In a candid discussion, several pressing issues affecting both Nestel Kenya and the broader manufacturing sector were raised. These included:
- An unpredictable tax environment, with significant policy shifts occurring every four years, creating uncertainty for investors.
- Limited ability to fully benefit from key trade agreements such as the AfCFTA, EU-EPA, UK-FTA, and AGOA—largely due to double taxation challenges and policy misalignment.
- High production costs, particularly from electricity, labor, and insufficient infrastructure.
- The burden of multiple business permits and licenses, which complicates operations and increases compliance costs.
- Numerous government-imposed levies on imported raw materials and finished goods.
- A lack of adequate linkages, training, and capacity-building initiatives for industry players.
In response, the Chamber leadership reaffirmed its role as a strong voice for the private sector.
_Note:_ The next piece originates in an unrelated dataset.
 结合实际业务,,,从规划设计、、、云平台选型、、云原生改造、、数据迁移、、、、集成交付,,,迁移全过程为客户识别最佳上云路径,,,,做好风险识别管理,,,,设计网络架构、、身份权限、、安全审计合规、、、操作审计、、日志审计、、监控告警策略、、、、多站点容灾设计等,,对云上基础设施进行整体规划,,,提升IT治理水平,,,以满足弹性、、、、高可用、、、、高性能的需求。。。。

Dr. Rutto committed to:
- Advocating for adherence to the National Tax Policy, especially the need for stability and predictability in the tax regime.
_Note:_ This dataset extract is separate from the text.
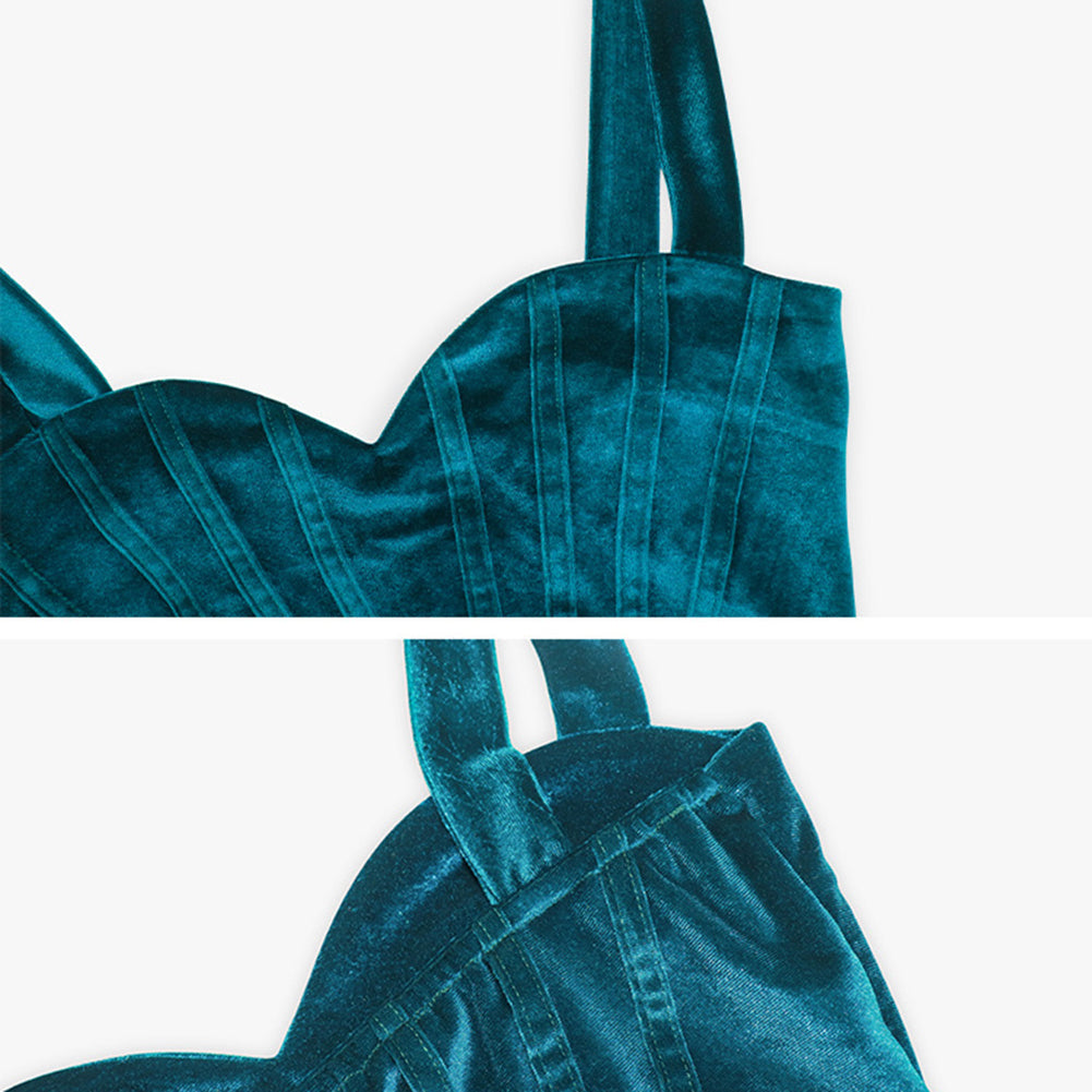 YESFASHION Women Velvet V Neck Dress Sexy Corset Bodycon Dress Summer Solid Color Pleated Spaghetti Strap Short Skirt

- Promoting tax-free exports and enhanced trade facilitation for exporters.
- Leading negotiations on new trade agreements, such as the proposed Kenya–Switzerland Free Trade Area, to expand market access for local manufacturers.
- Pushing for policy reforms aimed at streamlining and consolidating business permits and licenses to reduce the cost of doing business.
- Lobbying for the review of excessive levies imposed by multiple government agencies, particularly ahead of the upcoming Devolution Conference, where these matters will be at the forefront of policy discussions.
Chamber member visits like this are crucial for ensuring that KNCCI remains aligned with the evolving needs of its members, while also shaping a more conducive business environment for sustainable industrial growth across Kenya and beyond.